Just remember that what they think has nothing to do with what you have to go through. They are wrong and you know that they are wrong. You know exactly why they do what they do and here’s the secret… usually it’s because they have things going on in their own lives. You are the distraction. They don’t have to focus on what’s going on if they can shift the focus to you. It makes them feel as if their lives are at least a little better in comparison to yours. What they will find is that it is a very hollow way to live (well, some of them, because some never seem to arrive at that conclusion).

I spent years not knowing what was wrong and being told there was nothing that could be done, or dealing with them calling your illness out incorrectly. Like saying hypermobility is not painful. While it isn’t for some, for others it is a pain that is present every day to the point where sometimes we wonder if pulling off our own limbs would be preferable to this kind of life.

If you are reading this and you’ve been guilty of it, think for just a second about that other person. Really think about them, and then ask yourself these questions…

Does your judgment of them make your life any better?

Do you realize that the person may be hurt by what you are saying and doing?

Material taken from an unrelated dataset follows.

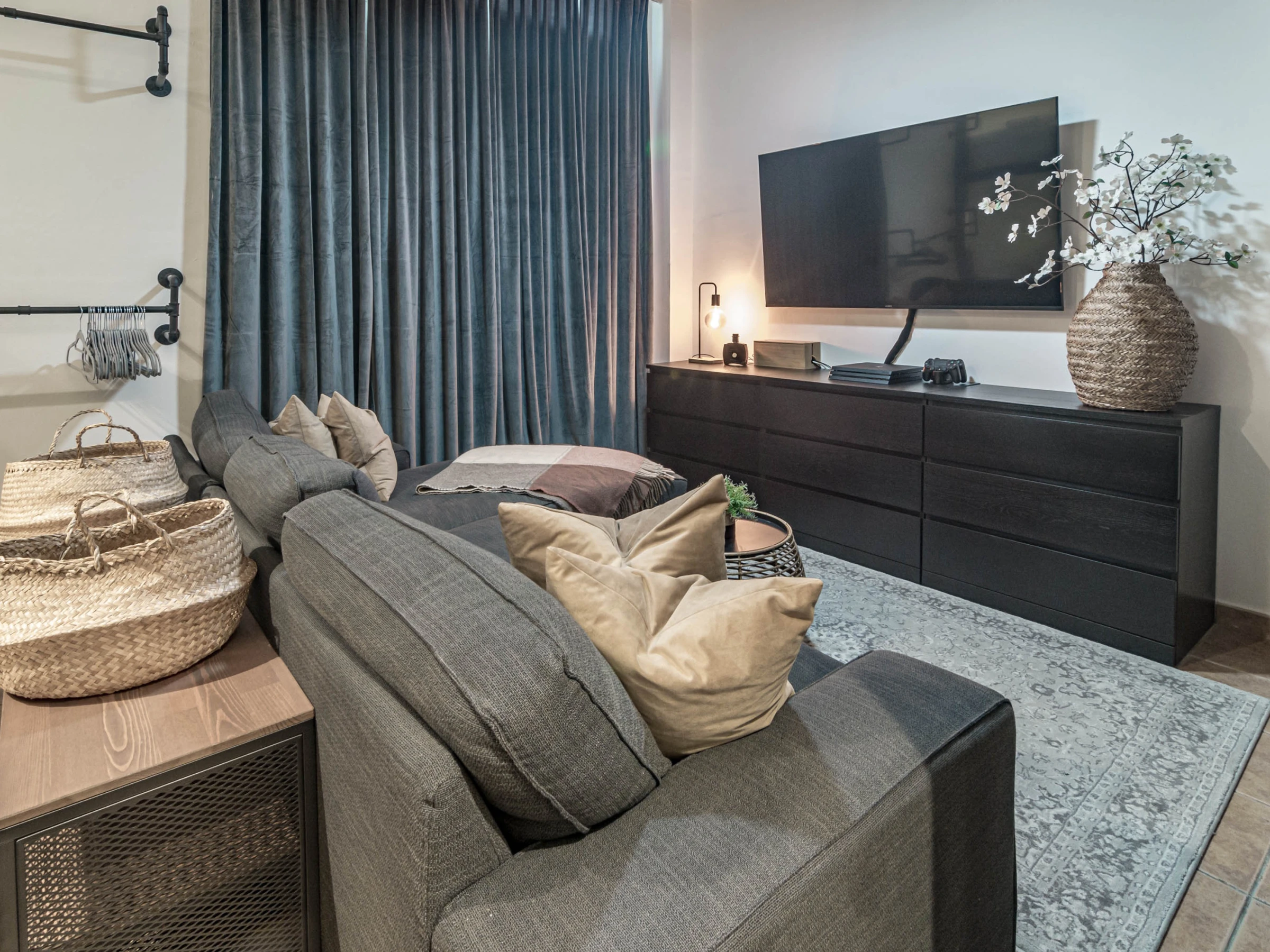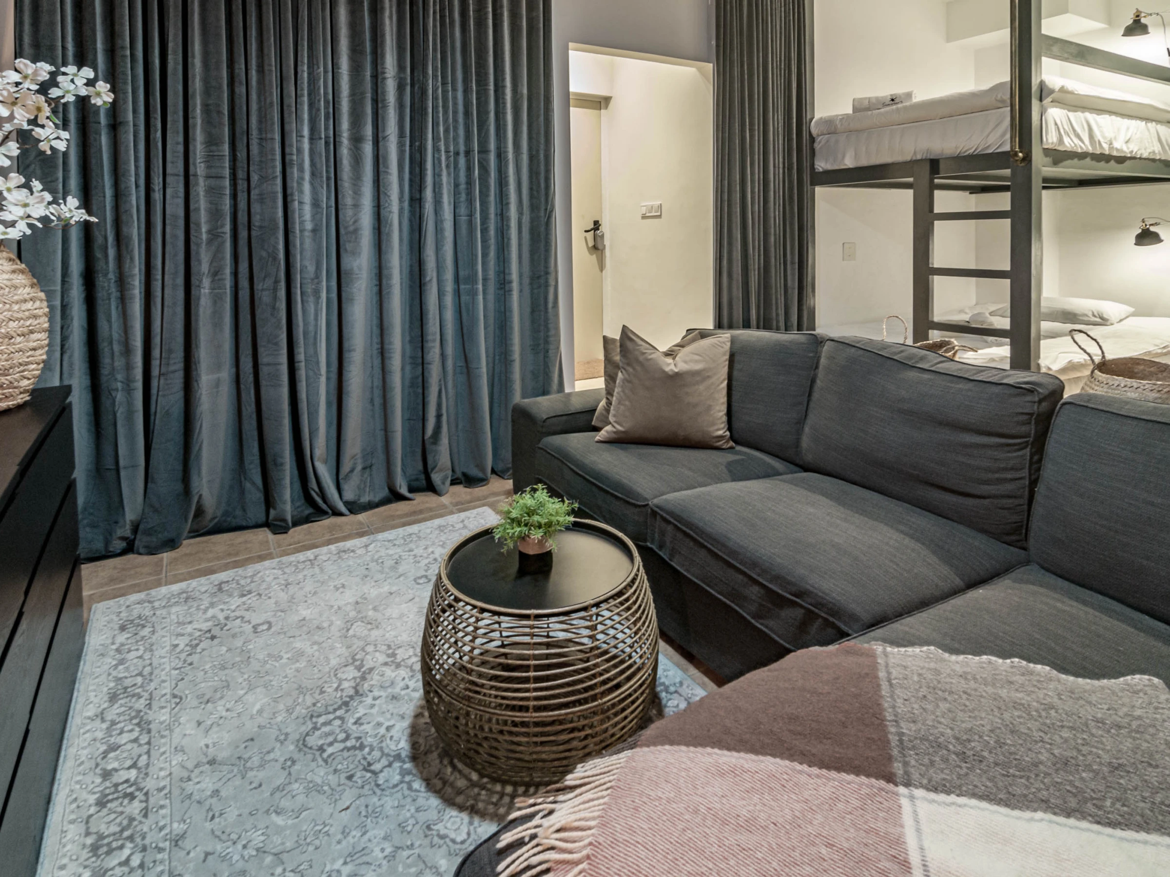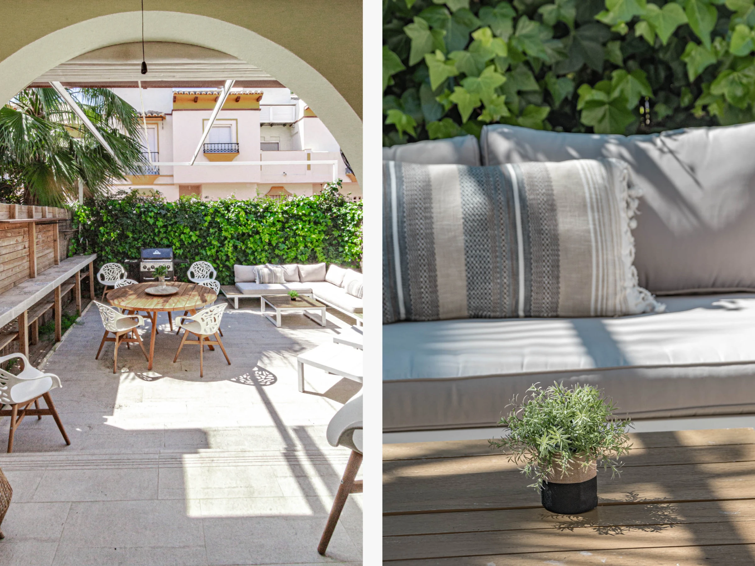 This 3-bedroom apartment is a perfect holiday destination for friends and families, due to the spacious and convenient nature of the apartment and its location. The property sleeps 8 people with 2 bedrooms encompassing double beds and the other hosting 6 people due to the nature of the bed layout. There are three bathrooms available throughout the property. On the ground floor the open living area offers a cosy seating area, dining area and kitchen. This stylish space creates a serene atmosphere that perfectly complements the property’s location. Additionally, the private outdoor space is full of entertainment for friends and family. There is a private bbq and an array of outdoor furniture.

Do you realize that every time you present a false narrative about their situation, you are further adding to the stigma they are already facing in droves? They don’t need more party members in the peanut gallery heckling them.

Do you realize that you add to the struggles of these people with your voice and through the spreading of your message?

Whether you think so or not, your words do matter! You have an impact you make on the world whether you realize it or not.

Start thinking about how you want to leave this impact and how you want to be remembered as a person. If this fails, just try this one simple thing for us…

At the very least… mind your own business if you have nothing constructive or supportive to add.